SALT LAKE CITY — Two Utah lawmakers want to raise the legal age to buy tobacco from 19 to 21, which would match the minimum age for drinking alcohol.
Statistics show that most young people become addicted to cigarettes after age 20 or 21, even though they first try smoking earlier, said Rep. Kraig Powell, R-Heber City.
"If we can make sure that we keep them away from what everybody now admits are substances with no redeeming value, then I think we'll be able to protect a lot of people from health damage and protect society from hundreds of millions of dollars in costs," he said.
Powell and Sen. Stuart Reid, R-Ogden, will present the proposal to the Health and Human Services Interim Committee on Wednesday. In addition to cigarettes, the bill would raise the age for buying smokeless tobacco and e-cigarettes.
Utah would be the first state to raise the tobacco-buying age to 21 should the proposal become law. Several other states, including New Jersey and Hawaii, are considering it, and the New York City Council approved the change last month.
Federal law bans the sale of tobacco to people under age 18, though four states —Alabama, Alaska, New Jersey and Utah — increased the age to 19. Utah lawmakers raised the age to make it clear that high school students couldn't legally smoke on campus.
The Utah Retail Merchants Association opposes the measure and questions whether it would stop underage smoking.
Association president Dave Davis said one argument in favor of the change says the age should be the same for cigarettes and alcohol. But he said while scientific evidence shows drinking has a negative effect on a developing brain, there's none to suggest smoking is any worse for someone at 19 than 21.
"For us, the fundamental question is: What role do you want government to play in this process?" Davis said. "If I'm old enough to vote, if I'm old enough to be drafted and fight for my country, am I old enough to make a decision as to whether or not to engage in smoking?"
Reid called the change a "logical and reasonable" thing to do. Drugs are against the law, the legal drinking age is 21, "yet we think nothing of letting a 19- or 20-year-olds suck something into their lungs that's going to kill them."
Davis said, "It sort of begs the question: Why not set the age at 35 or 25?"
The two legislators also say the higher age would curb smoking among teens who get cigarettes from friends just old enough to buy them.
Davis doubts that. "I don't think that there's any evidence that that will make a difference with that population," he said.
Since 2001, illegal sales of tobacco to underage young people in Utah have declined 6 percent, and the number of high school students who have tried cigarettes has dropped 41 percent since 1999, according to the Utah Department of Health.

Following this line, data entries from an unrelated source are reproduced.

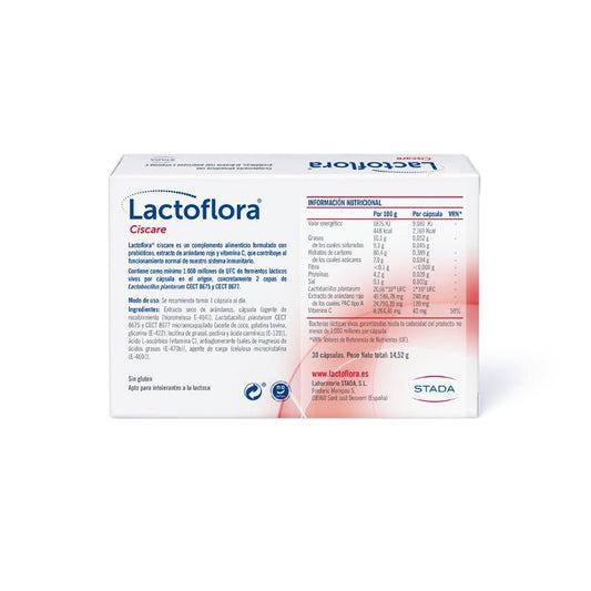 Proveedor:LACTOFLORA Ciscare Probiótico Arándano Rojo Bienestar Urinario 30 cápsulas
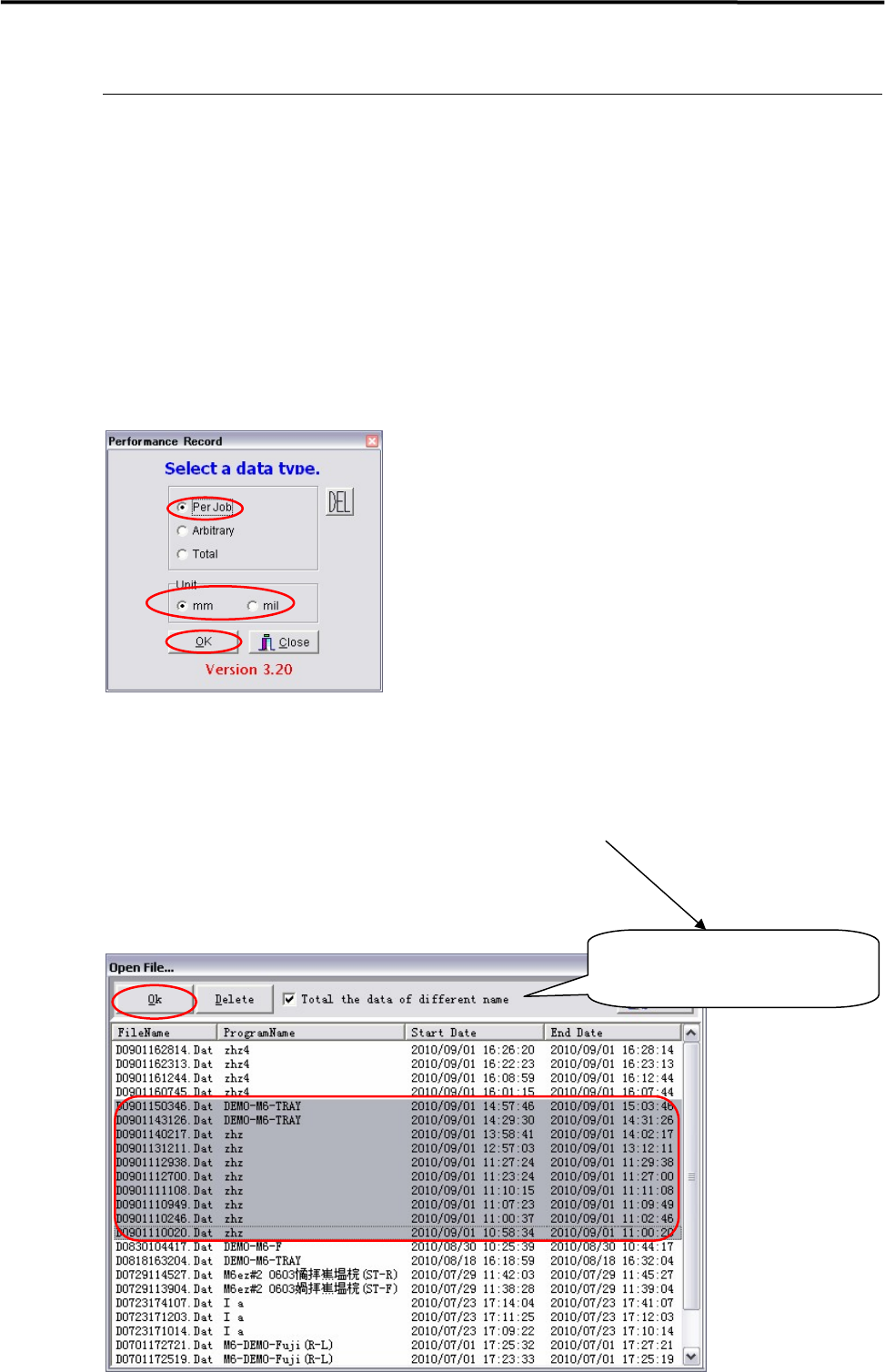 ⑤ 参考程序名称和日期时间,对文件进行选择(通过按下 Ctrl 键并同时点击选定文件,还可以
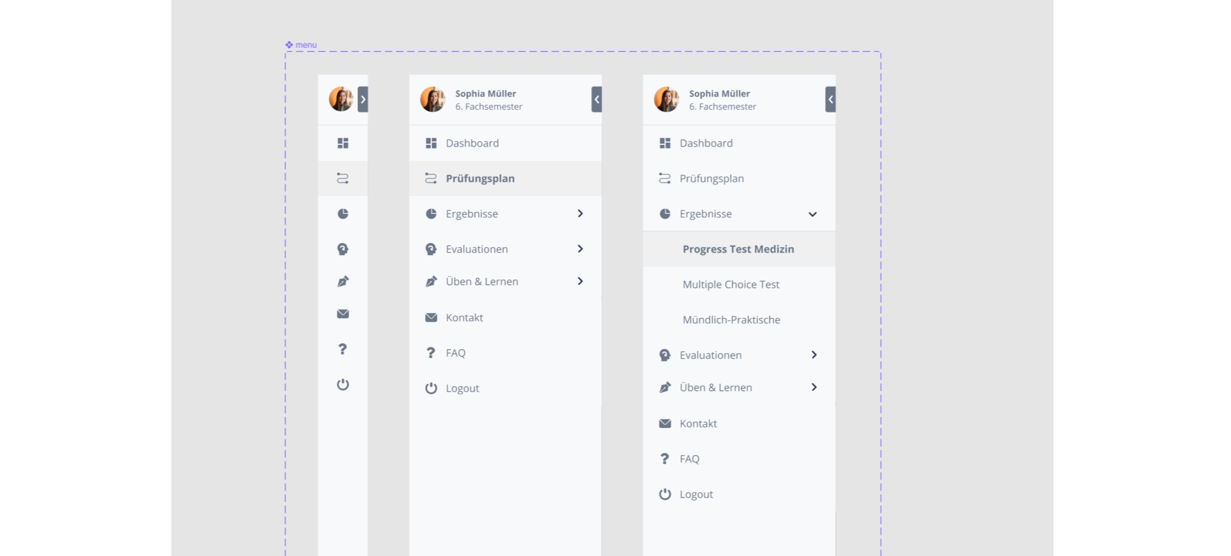 Design iterations of the Progress Test Medizin dashboard:
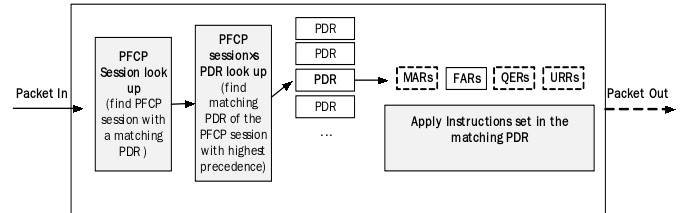 - 如果匹配成功,则查找 PDR 关联的 FAR 转发操作
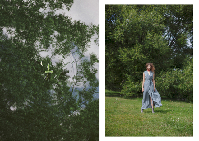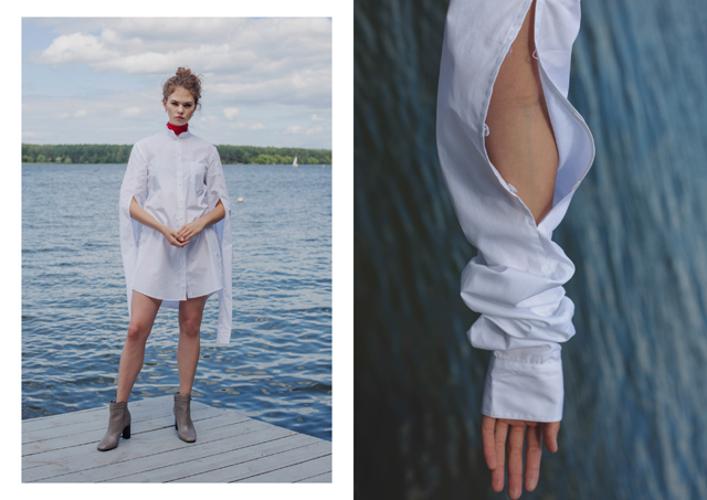 О том, что скоро мультибренд запустит и собственную марку, объявили в это же время — и в той самой первой съемке уже принимали участие их рубашки и брюки. Но полный лукбук первой коллекции On Course появился только осенью. На этот раз за камеру взялась Маша Демьянова, а стилизовала съемку команда мультибренда своими силами. И результат получился ничуть не менее ярким — и даже более художественным. Кадры с участием довольно простых (напомним, что специализируется марка в первую очередь на базовой одежде — об обещанных сюрпризах поговорим чуть позже) вещей комбинируются с пейзажными снимками и взятыми крупным планом природными фактурами. Речная гладь, бегущие по воде круги от упавшей ветки, поросшая мхом древесная кора в трещинах, редкие деревца, торчащие из такой же редкой травы, — скромным образам очень идут такие же скромные фотозарисовки российской природы.

A 2012 health department report shows 5.9 percent of high school students smoke and 3.7 percent use chewing tobacco.
Nearly all tobacco use starts in childhood and adolescence, with 88 percent of daily adult smokers taking their first puffs by age 18, according to a 2012 surgeon general report.
"Of every three young smokers, only one will quit, and one of those remaining smokers will die from tobacco-related causes," according to the report, "Preventing Tobacco Use Among Youth and Young Adults."